■ **Exercise inputs**:
━━━━━━━━

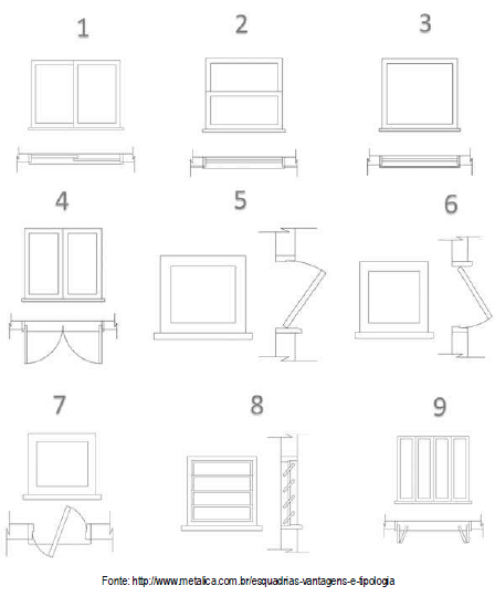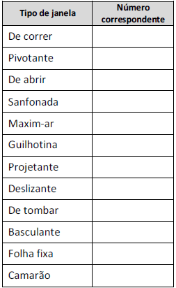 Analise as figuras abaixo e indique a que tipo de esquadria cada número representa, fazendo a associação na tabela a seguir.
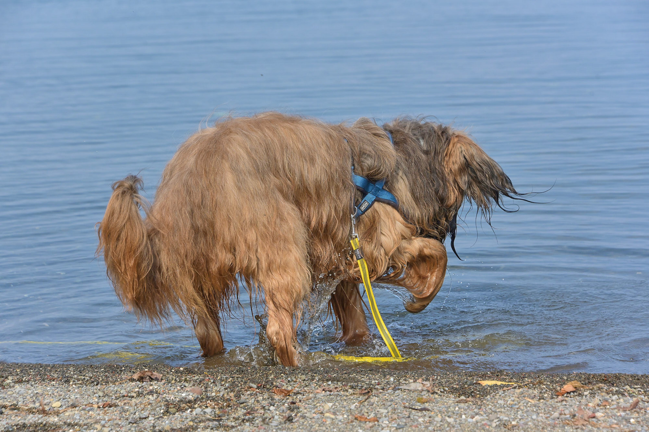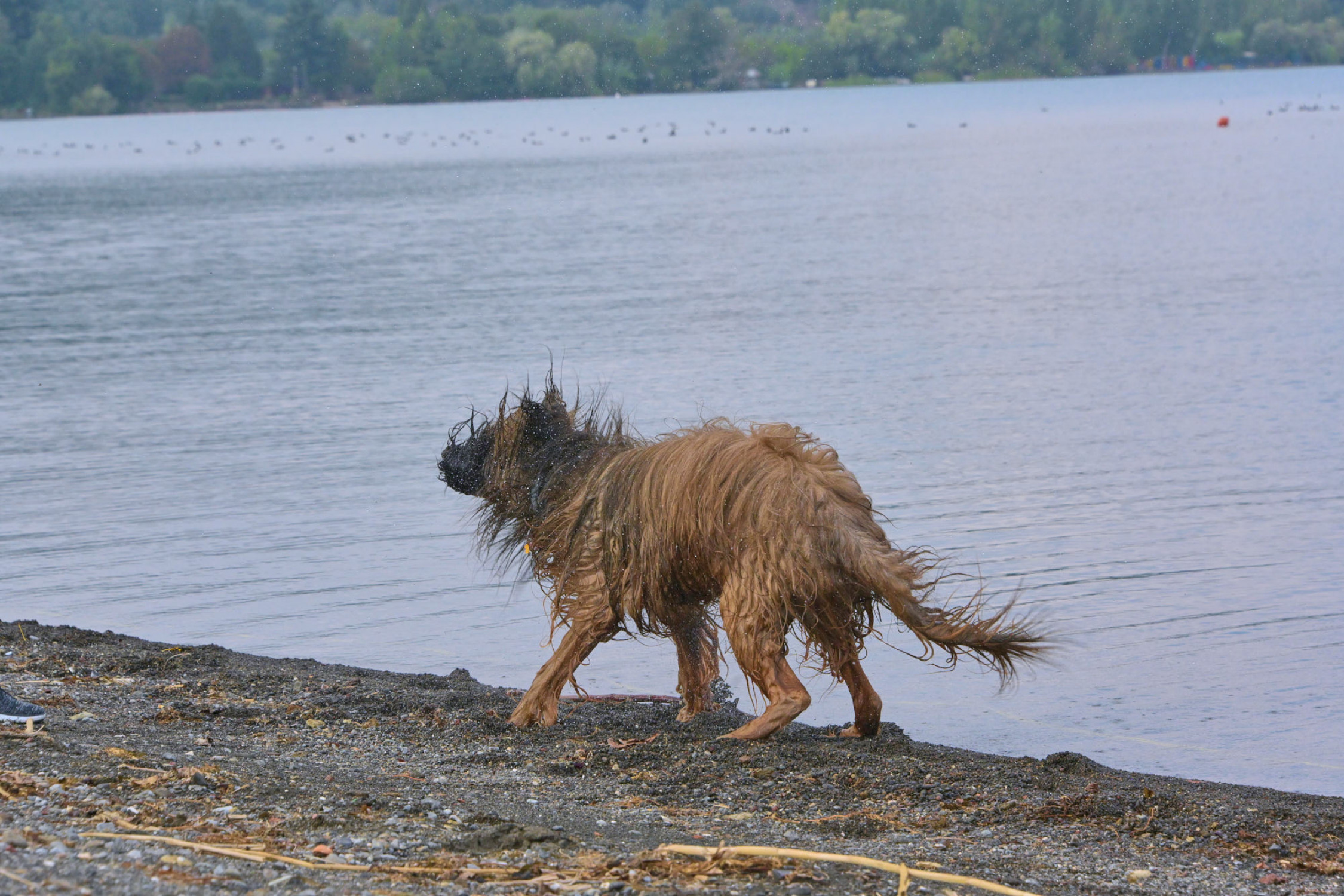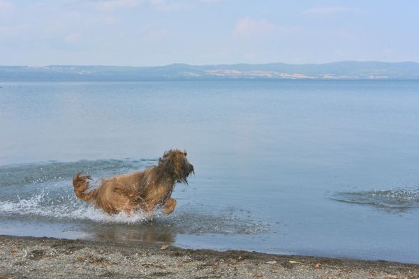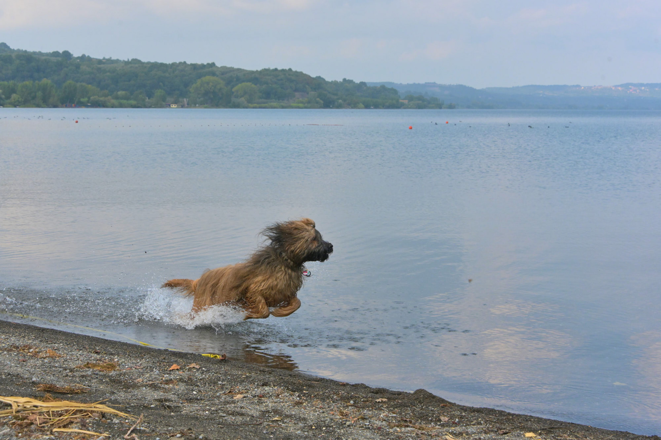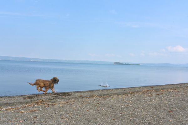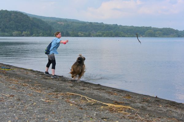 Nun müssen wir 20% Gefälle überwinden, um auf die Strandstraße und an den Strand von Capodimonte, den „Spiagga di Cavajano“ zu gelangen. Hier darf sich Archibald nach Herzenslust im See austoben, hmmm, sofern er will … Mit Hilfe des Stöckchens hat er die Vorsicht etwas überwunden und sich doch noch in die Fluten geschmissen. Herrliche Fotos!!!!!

━━━━━━━━

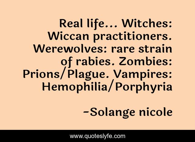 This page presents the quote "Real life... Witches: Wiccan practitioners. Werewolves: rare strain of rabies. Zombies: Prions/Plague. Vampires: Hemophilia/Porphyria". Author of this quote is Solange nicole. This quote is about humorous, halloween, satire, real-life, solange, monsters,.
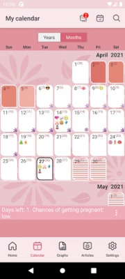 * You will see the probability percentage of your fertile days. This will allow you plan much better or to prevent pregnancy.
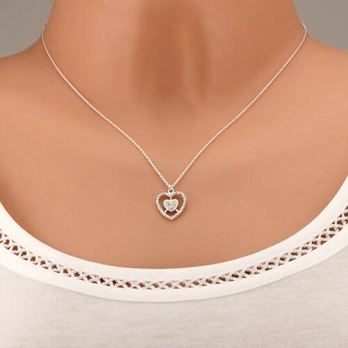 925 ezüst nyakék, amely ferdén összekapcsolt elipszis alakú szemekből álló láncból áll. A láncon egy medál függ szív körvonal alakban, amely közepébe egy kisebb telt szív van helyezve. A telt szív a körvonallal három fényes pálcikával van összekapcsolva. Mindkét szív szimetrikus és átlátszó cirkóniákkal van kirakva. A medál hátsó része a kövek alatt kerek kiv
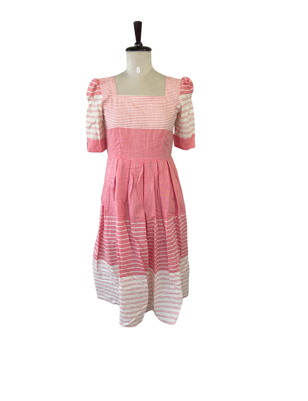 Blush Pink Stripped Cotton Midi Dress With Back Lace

━━━━━━━━

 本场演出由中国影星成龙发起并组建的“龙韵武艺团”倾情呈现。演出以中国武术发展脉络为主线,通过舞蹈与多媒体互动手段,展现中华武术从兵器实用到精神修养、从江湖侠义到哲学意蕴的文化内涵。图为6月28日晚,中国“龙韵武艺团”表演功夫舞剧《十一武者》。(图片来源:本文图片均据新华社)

━━━━━━━━

■ **Your instructions**:
The copy should hold exactly the lines above from the one with "Analise as figuras" through the one with "Nun müssen wir", both ends counted, and no pictures at all.

■ **Problem solution**:
 Analise as figuras abaixo e indique a que tipo de esquadria cada número representa, fazendo a associação na tabela a seguir.
 Nun müssen wir 20% Gefälle überwinden, um auf die Strandstraße und an den Strand von Capodimonte, den „Spiagga di Cavajano“ zu gelangen. Hier darf sich Archibald nach Herzenslust im See austoben, hmmm, sofern er will … Mit Hilfe des Stöckchens hat er die Vorsicht etwas überwunden und sich doch noch in die Fluten geschmissen. Herrliche Fotos!!!!!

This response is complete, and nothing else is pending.